Electronic Health Records have gotten increased support from both Federal policy and private enterprise over the past few years. New models of health information technology have given doctors and patients alike a clearer vision of what health care could and should look like, according to recent article in Forbes. The article cites several ideals that have come out of the models, including complete medical records that will be sent to all of the patient’s doctors and fostering communication between a patient’s primary care physician and hospitals or specialists. EHRs can also serve as a consistent and lifetime health record that can assist in illness prevention as well as treatment.

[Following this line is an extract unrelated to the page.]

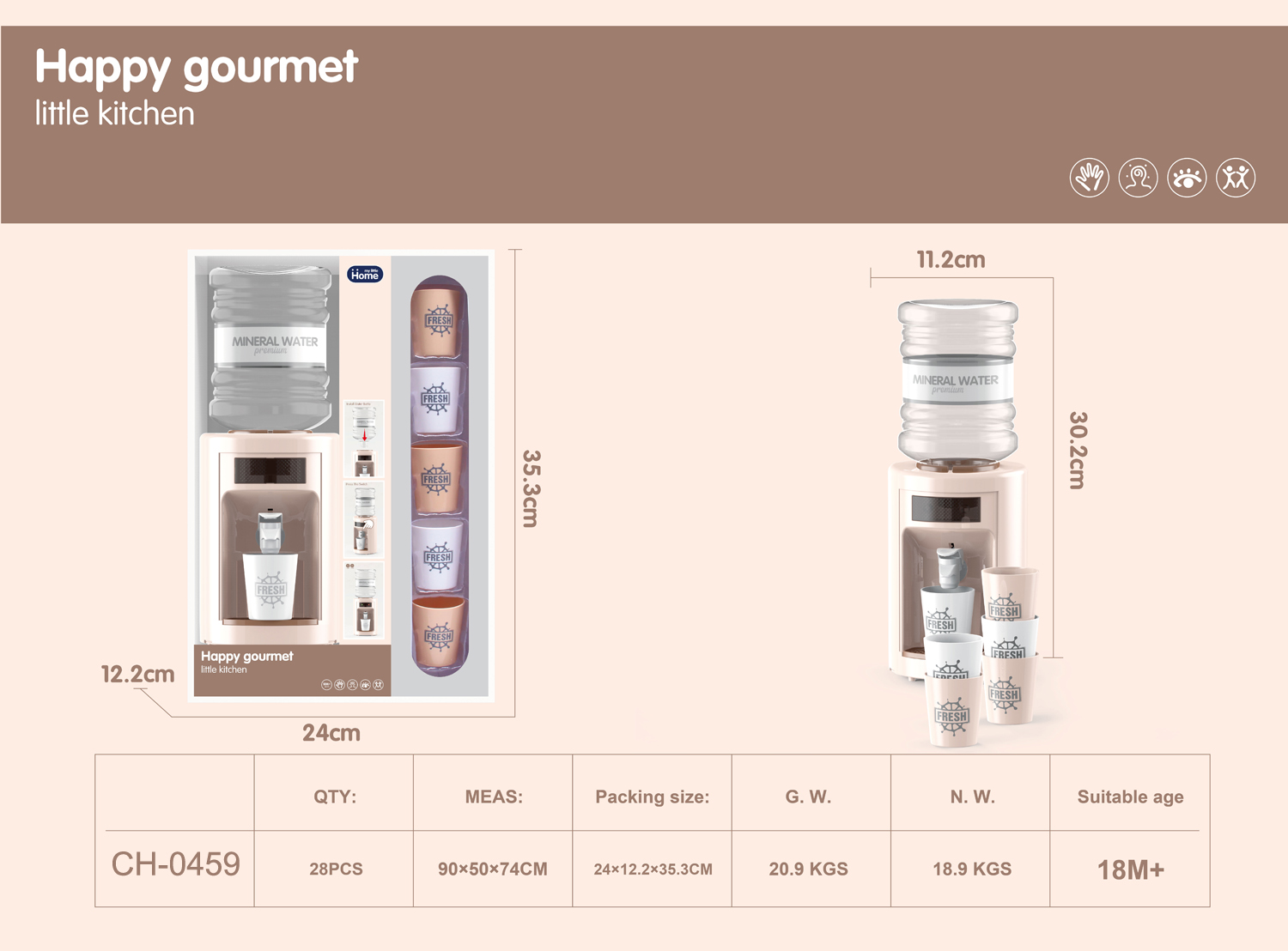 DISPENSADOR DE AGUA GOURMET MARRON,LUZ Y SONIDO

Patient access professionals have been advocating for EHRs, citing the enhanced patient identity integrity. NAHAM’s Public Policy and Government Relations Committee has also been talking about this, and is currently developing a public policy statement regarding the need for enhances patient identity integrity.
The Forbes article cites a survey reporting that 70 percent of doctors now use EHRs, past what most believe is the “tipping point.” These systems may be able to save patients and doctors money in the long run, despite the cost upfront. The savings is somewhat mitigated, however, when the systems cannot communicate with one another. When this happens, patients still have to rely on paper forms to request records from one doctor to give to another. This process, besides being inefficient, puts the burden on the patient to figure out which records to go which doctors.
To combat this, Forbes suggests that all clinics, practices, hospitals and testing sites provide patients a standard, printed statement at each visit, detailing how (and whether) its staff will transmit records to other physicians and specifying what procedures, if any, patients need to take on their own to facilitate transfers.
While old fashioned, these steps are still needed until a universal health records system can replace it.